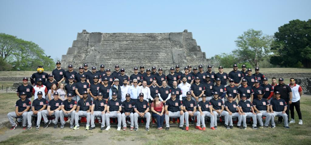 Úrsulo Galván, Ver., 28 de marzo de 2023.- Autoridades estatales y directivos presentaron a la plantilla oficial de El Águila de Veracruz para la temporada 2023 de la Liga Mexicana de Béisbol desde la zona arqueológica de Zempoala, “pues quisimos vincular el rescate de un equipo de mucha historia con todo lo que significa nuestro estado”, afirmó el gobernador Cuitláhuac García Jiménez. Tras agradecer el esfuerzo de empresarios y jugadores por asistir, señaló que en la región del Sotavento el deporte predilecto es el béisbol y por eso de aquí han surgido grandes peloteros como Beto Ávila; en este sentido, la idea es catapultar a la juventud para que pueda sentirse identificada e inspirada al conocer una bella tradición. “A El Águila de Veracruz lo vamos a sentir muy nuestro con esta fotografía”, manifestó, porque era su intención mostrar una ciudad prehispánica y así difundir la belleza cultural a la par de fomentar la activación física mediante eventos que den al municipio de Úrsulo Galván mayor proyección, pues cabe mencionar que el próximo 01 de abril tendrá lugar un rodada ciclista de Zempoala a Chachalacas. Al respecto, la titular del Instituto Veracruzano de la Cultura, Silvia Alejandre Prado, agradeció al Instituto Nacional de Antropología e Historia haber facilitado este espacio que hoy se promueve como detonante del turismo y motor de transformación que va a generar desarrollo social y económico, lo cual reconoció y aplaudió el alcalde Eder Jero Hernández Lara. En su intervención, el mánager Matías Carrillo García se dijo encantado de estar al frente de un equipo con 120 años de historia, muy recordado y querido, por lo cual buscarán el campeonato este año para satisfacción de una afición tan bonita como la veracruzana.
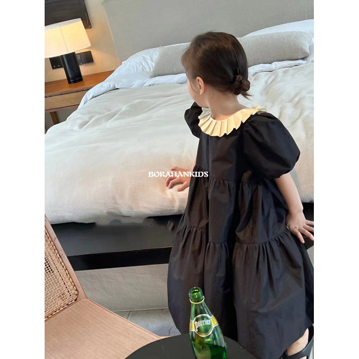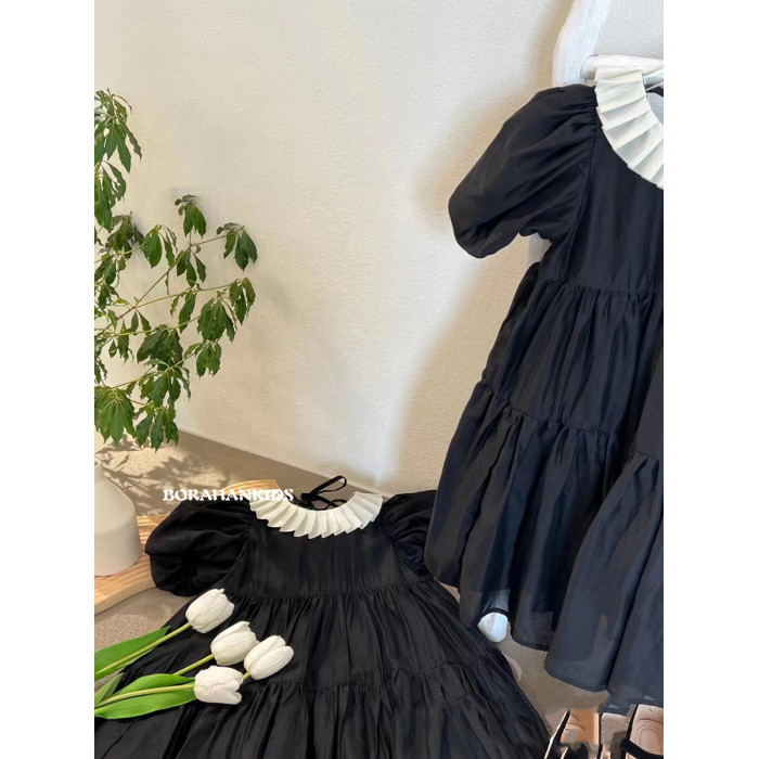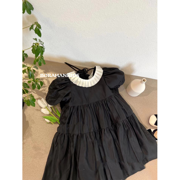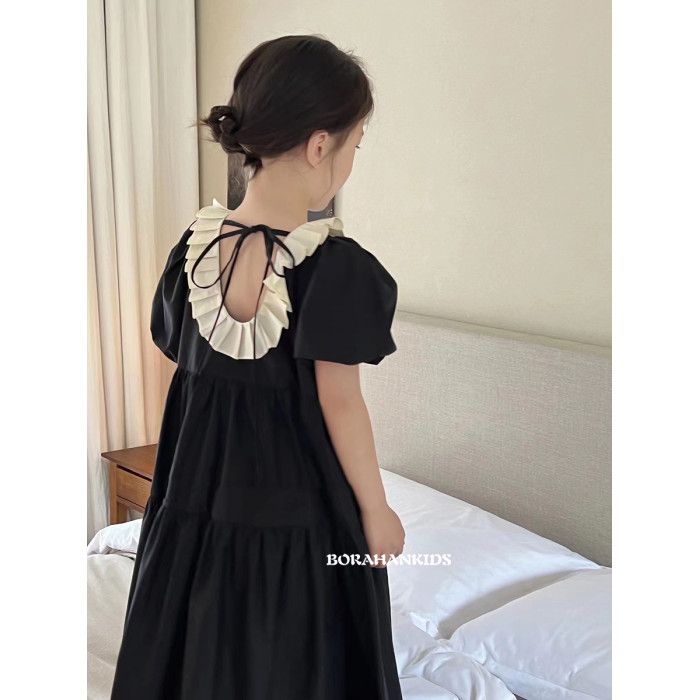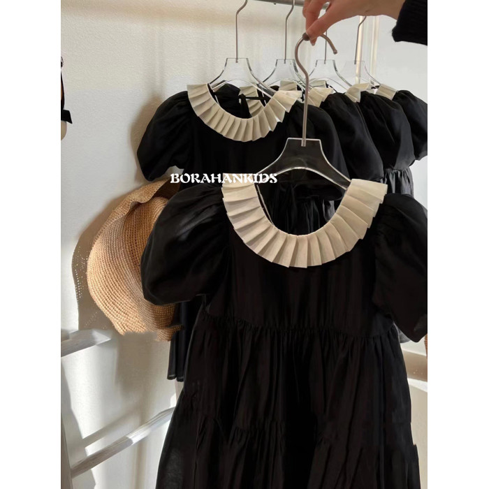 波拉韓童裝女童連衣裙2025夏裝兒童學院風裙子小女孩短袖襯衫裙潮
==
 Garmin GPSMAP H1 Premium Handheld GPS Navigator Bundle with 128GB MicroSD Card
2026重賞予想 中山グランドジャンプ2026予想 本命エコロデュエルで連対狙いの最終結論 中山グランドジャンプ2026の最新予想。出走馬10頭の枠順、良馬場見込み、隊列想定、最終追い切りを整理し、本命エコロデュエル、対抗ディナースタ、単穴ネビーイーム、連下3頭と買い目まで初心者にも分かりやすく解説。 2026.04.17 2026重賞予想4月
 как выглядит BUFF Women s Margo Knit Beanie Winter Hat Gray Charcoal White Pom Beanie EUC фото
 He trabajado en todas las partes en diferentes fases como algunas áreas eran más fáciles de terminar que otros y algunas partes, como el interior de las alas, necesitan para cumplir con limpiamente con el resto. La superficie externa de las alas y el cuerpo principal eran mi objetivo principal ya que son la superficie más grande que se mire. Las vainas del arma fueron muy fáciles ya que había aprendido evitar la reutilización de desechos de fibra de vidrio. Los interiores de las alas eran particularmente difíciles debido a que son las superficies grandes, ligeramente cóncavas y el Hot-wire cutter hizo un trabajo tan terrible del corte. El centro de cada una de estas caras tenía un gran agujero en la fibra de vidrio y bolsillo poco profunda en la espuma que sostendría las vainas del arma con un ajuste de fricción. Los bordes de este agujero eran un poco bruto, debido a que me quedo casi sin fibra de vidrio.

■ **What the task requires**: From the records above, reproduce exactly the lines from the one with "Garmin GPSMAP H1" to the one with "как выглядит BUFF", both included, and no others.

■ **Solution to the problem**:
 Garmin GPSMAP H1 Premium Handheld GPS Navigator Bundle with 128GB MicroSD Card
2026重賞予想 中山グランドジャンプ2026予想 本命エコロデュエルで連対狙いの最終結論 中山グランドジャンプ2026の最新予想。出走馬10頭の枠順、良馬場見込み、隊列想定、最終追い切りを整理し、本命エコロデュエル、対抗ディナースタ、単穴ネビーイーム、連下3頭と買い目まで初心者にも分かりやすく解説。 2026.04.17 2026重賞予想4月
 как выглядит BUFF Women s Margo Knit Beanie Winter Hat Gray Charcoal White Pom Beanie EUC фото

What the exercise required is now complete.